┏━━

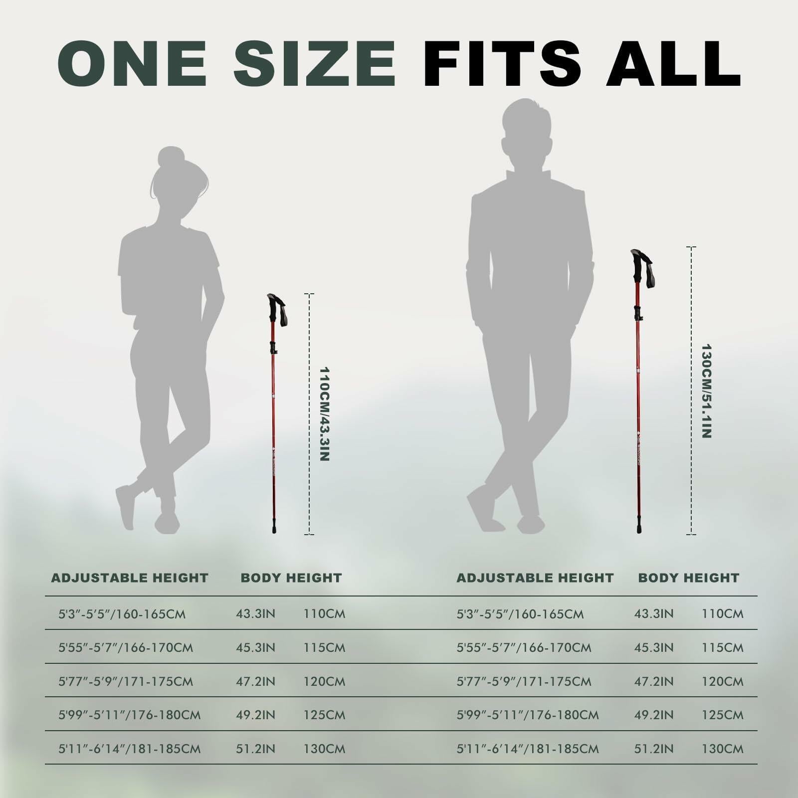 • Aircraft-Grade 6061 Aluminum Hiking Sticks‌:Featherlight yet sturdy (10oz/pole), deformation-resistant, built for rugged terrain endurance
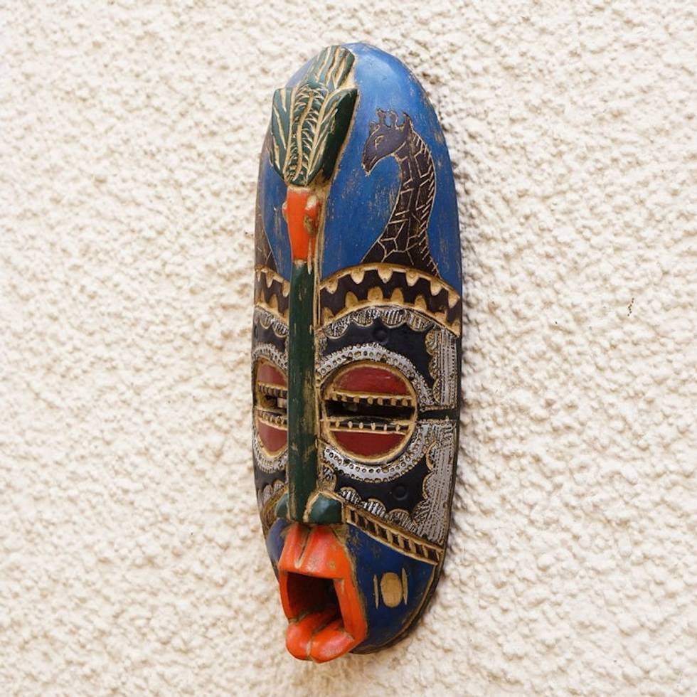 Giraffes and Bird on African Wall Mask Hand Carved Wood Art 'Giraffe Art' Item ID: 2671801163
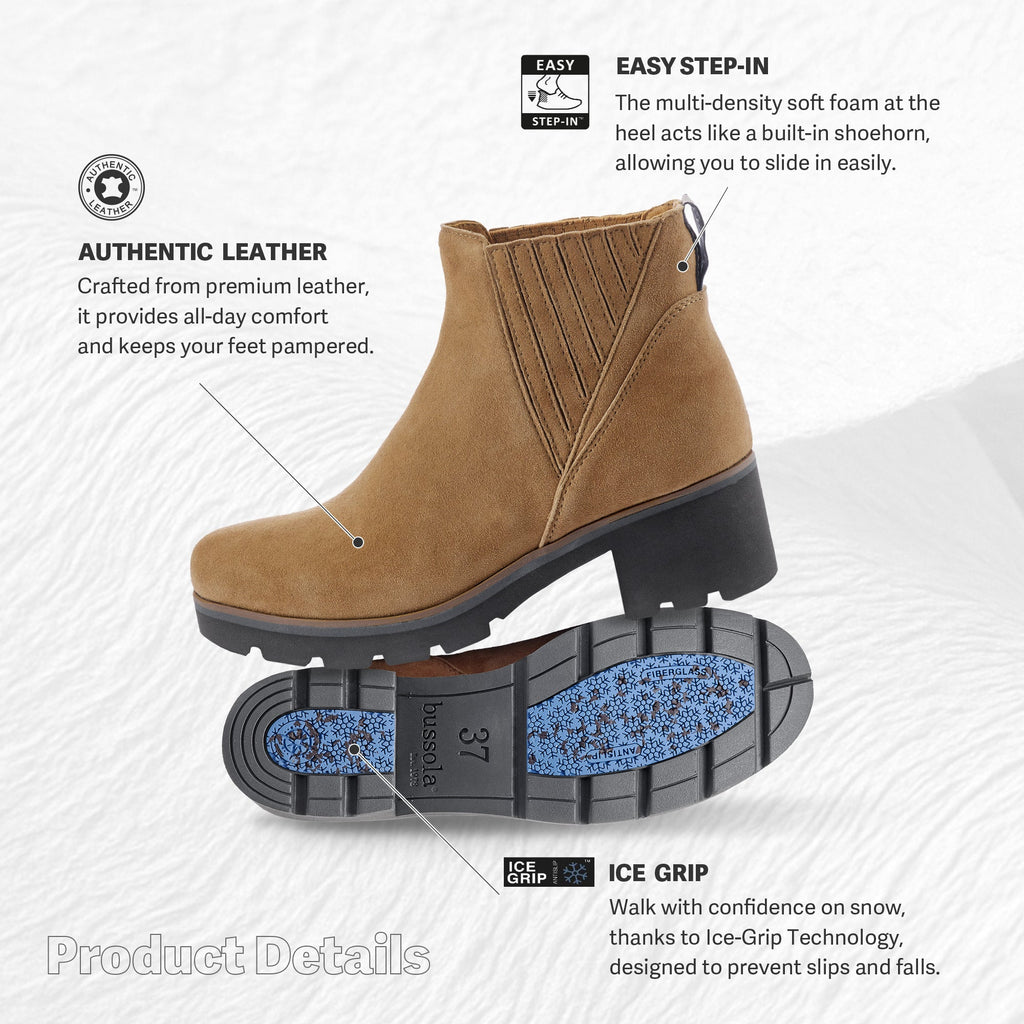 ● Slip-Proof Confidence: Equipped with bussola’s exclusive ice-grip outsole, they provide reliable traction on snow, helping every step feel secure.

┗━━

Pictures are not part of the copy; retype all the other material exactly.

* **Answer**
 • Aircraft-Grade 6061 Aluminum Hiking Sticks‌:Featherlight yet sturdy (10oz/pole), deformation-resistant, built for rugged terrain endurance
 Giraffes and Bird on African Wall Mask Hand Carved Wood Art 'Giraffe Art' Item ID: 2671801163
 ● Slip-Proof Confidence: Equipped with bussola’s exclusive ice-grip outsole, they provide reliable traction on snow, helping every step feel secure.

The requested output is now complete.